-- Information follows --

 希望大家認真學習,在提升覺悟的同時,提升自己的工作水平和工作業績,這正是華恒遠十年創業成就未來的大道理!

-- Information concluded --
-- Information follows --

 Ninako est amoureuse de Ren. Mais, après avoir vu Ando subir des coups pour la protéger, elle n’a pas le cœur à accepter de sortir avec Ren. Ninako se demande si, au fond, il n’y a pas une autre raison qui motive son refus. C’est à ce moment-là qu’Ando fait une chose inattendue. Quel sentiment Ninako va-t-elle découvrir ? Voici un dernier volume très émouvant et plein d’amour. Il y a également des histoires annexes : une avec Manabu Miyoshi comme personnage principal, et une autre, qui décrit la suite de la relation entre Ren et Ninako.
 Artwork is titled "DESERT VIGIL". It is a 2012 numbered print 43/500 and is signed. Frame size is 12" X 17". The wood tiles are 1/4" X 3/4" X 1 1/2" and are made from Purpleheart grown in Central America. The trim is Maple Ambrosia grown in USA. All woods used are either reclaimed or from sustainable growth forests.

-- Information concluded --

* **About this task**
Retype only this portion of the data above: the line containing "Ninako est amoureuse", the line containing "Artwork is titled", and all lines between them, exactly.

* **Output below**
 Ninako est amoureuse de Ren. Mais, après avoir vu Ando subir des coups pour la protéger, elle n’a pas le cœur à accepter de sortir avec Ren. Ninako se demande si, au fond, il n’y a pas une autre raison qui motive son refus. C’est à ce moment-là qu’Ando fait une chose inattendue. Quel sentiment Ninako va-t-elle découvrir ? Voici un dernier volume très émouvant et plein d’amour. Il y a également des histoires annexes : une avec Manabu Miyoshi comme personnage principal, et une autre, qui décrit la suite de la relation entre Ren et Ninako.
 Artwork is titled "DESERT VIGIL". It is a 2012 numbered print 43/500 and is signed. Frame size is 12" X 17". The wood tiles are 1/4" X 3/4" X 1 1/2" and are made from Purpleheart grown in Central America. The trim is Maple Ambrosia grown in USA. All woods used are either reclaimed or from sustainable growth forests.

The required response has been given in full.